_Task instructions_
Return the line that has "Щоп'ятниці та щосуботи, до" and all lines below it through the last, exactly as they stand; omit pictures.

_Source data_
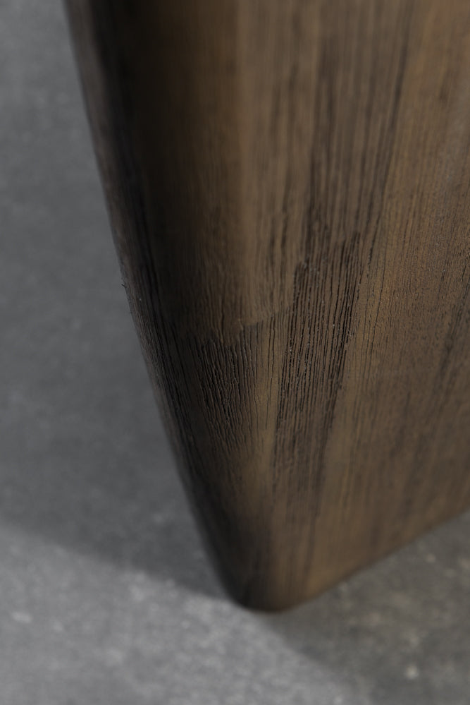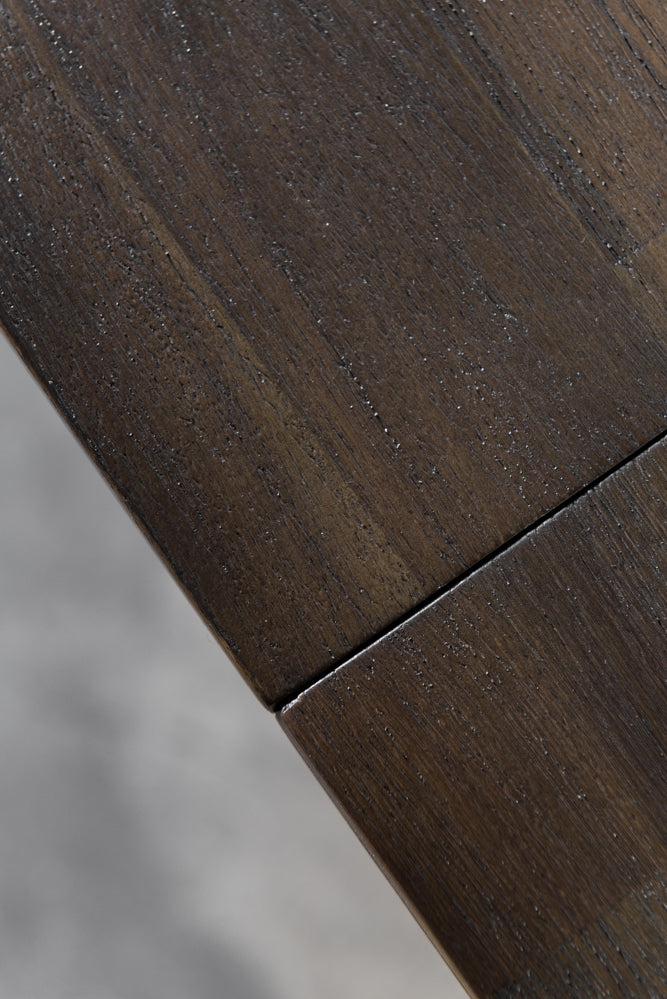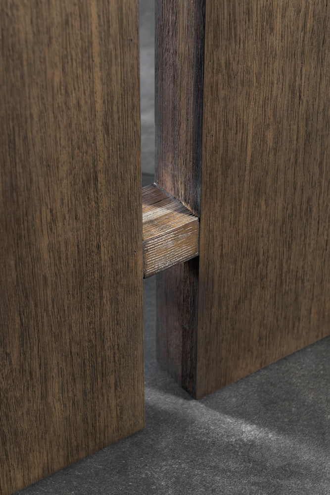 העץ בגוון חום כהה עם מרקם פסים עדין שמעניק לו טקסטורה עשירה ומראה מעוגל מיוחד. ידיות המתכת מוסיפות נגיעה מודרנית ומתוחכמת, תוך שמירה על עיצוב קלאסי ונצחי.
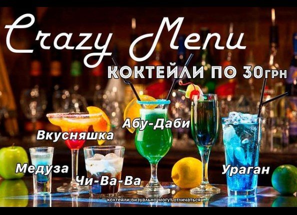 Щоп'ятниці та щосуботи, до 00:00 коктейлі по 30 грн з «Krazy menu»
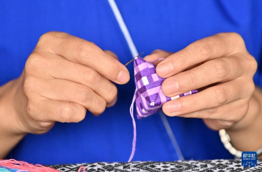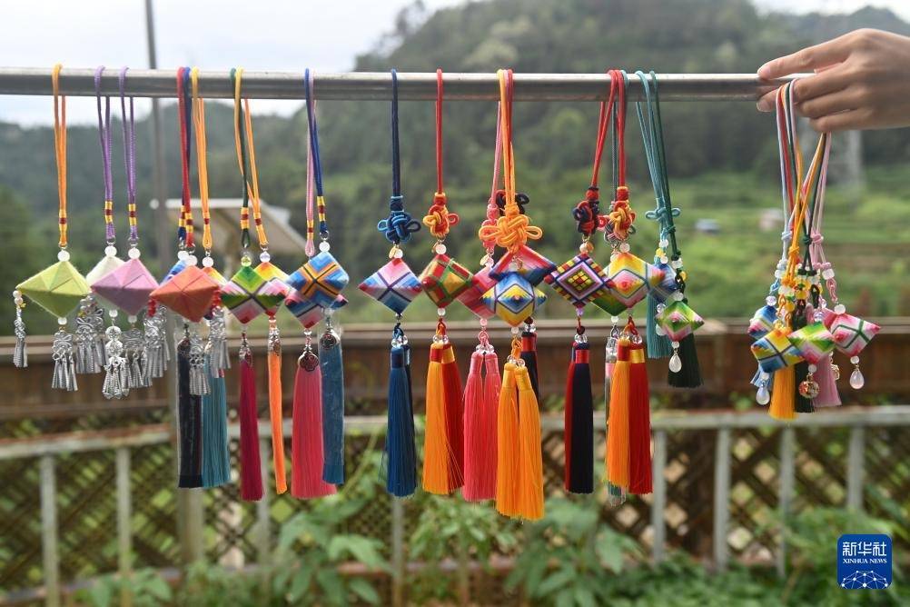 r侗族吉祥花是广西三江侗族自治县的传统手工艺品,由心灵手巧的侗族女性一丝一线编织而成,融侗族印染、刺绣、织锦等技艺于一体,最早用来悬挂在风雨桥、鼓楼等公共建筑中,是祈求风调雨顺的吉祥饰品,其制作技艺列入柳州市非物质文化遗产代表性项目名录。近年来,广西三江积极研发文旅产品,侗族吉祥花从传统的公共建筑挂饰变成人们身上的寻常饰品,日益热销文旅市场。

_Solution to this task_
 Щоп'ятниці та щосуботи, до 00:00 коктейлі по 30 грн з «Krazy menu»
 r侗族吉祥花是广西三江侗族自治县的传统手工艺品,由心灵手巧的侗族女性一丝一线编织而成,融侗族印染、刺绣、织锦等技艺于一体,最早用来悬挂在风雨桥、鼓楼等公共建筑中,是祈求风调雨顺的吉祥饰品,其制作技艺列入柳州市非物质文化遗产代表性项目名录。近年来,广西三江积极研发文旅产品,侗族吉祥花从传统的公共建筑挂饰变成人们身上的寻常饰品,日益热销文旅市场。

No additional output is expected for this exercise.